# Setup

In [1]:
from snowflake.snowpark import Session
import modin.pandas as pd
import snowflake.snowpark.modin.plugin
import numpy as np

session = Session.builder.getOrCreate()

# Visualizing and Predicting House Price with plotly and scikit-learn

In [2]:
np.random.seed(42)

data = {
    'square_feet': np.random.randint(500, 1000, size=100),
    'num_rooms': np.random.randint(2, 5, size=100),
    'price': np.random.randint(100000, 500000, size=100)
}

df = pd.DataFrame(data)


In [3]:
import plotly.express as px
fig = px.scatter(df, x='square_feet', y='price', color='num_rooms', 
                 size='num_rooms', title="House Price vs Square Feet",
                 labels={'square_feet': 'Square Footage', 'price': 'Price ($)', 'num_rooms': 'Number of Rooms'})
fig.show()

In [4]:
from sklearn.model_selection import train_test_split

In [5]:
X = df[['square_feet', 'num_rooms']]
y = df['price']

X_train, X_test, y_train, y_test = train_test_split(X, y, test_size=0.2, random_state=42)

In [6]:
from sklearn.linear_model import LinearRegression

model = LinearRegression()
model.fit(X_train, y_train)

In [7]:
from sklearn.metrics import mean_squared_error

y_pred = model.predict(X_test)

mse = mean_squared_error(y_test, y_pred)
rmse = np.sqrt(mse)

print(f"Root Mean Squared Error (RMSE): {rmse:.2f}")

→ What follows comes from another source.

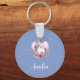 Dieser schlichte Schlüsselanhänger in Blau und Rosa zeigt eine Aquarellillustrierung eines blumengeschmückten Einhorns, umgeben von Herzen und Goldschmetterlingen. Passen Sie es mit dem Namen Ihres kleinen Mädchens an, und verwenden Sie das Editierwerkzeug, um die Größe, die Platzierung und die Farbe des Schriftartes an die Anzüge Ihrer Bedürfnisse anzupassen.
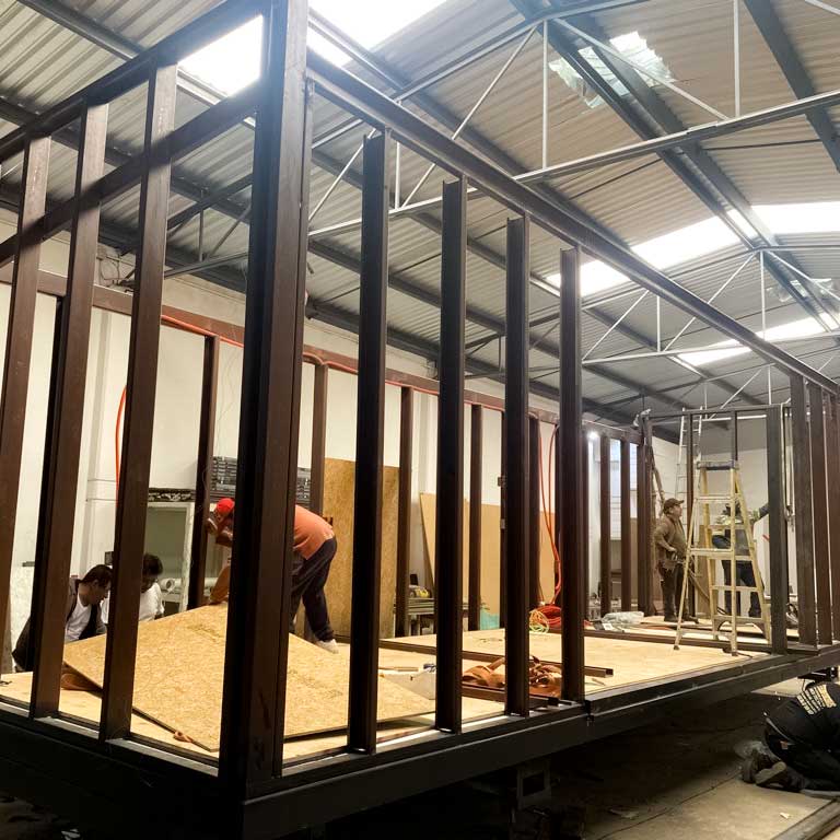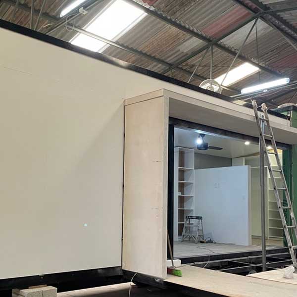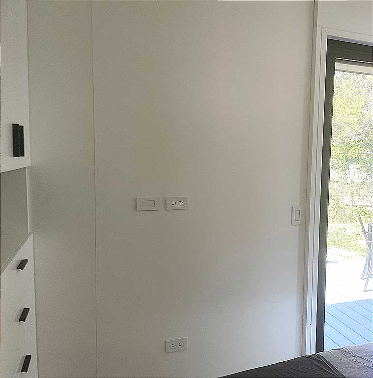 Interior walls and ceiling finished with MDF panels coated in a satin polyurethane finish.

Root Mean Squared Error (RMSE): 114876.69


In [8]:
results_df = pd.DataFrame({
    'True Price': y_test,
    'Predicted Price': y_pred
})

fig2 = px.scatter(results_df, x='True Price', y='Predicted Price', 
                  title="True Price vs Predicted Price", 
                  labels={'True Price': 'True Price ($)', 'Predicted Price': 'Predicted Price ($)'},
                 )

fig2.add_shape(
    type='line',
    x0=results_df['True Price'].min(), x1=results_df['True Price'].max(),
    y0=results_df['True Price'].min(), y1=results_df['True Price'].max(),
    line=dict(color='Red', dash='dash')
)

fig2.show()

The current operation leads to materialization and can be slow if the data is large!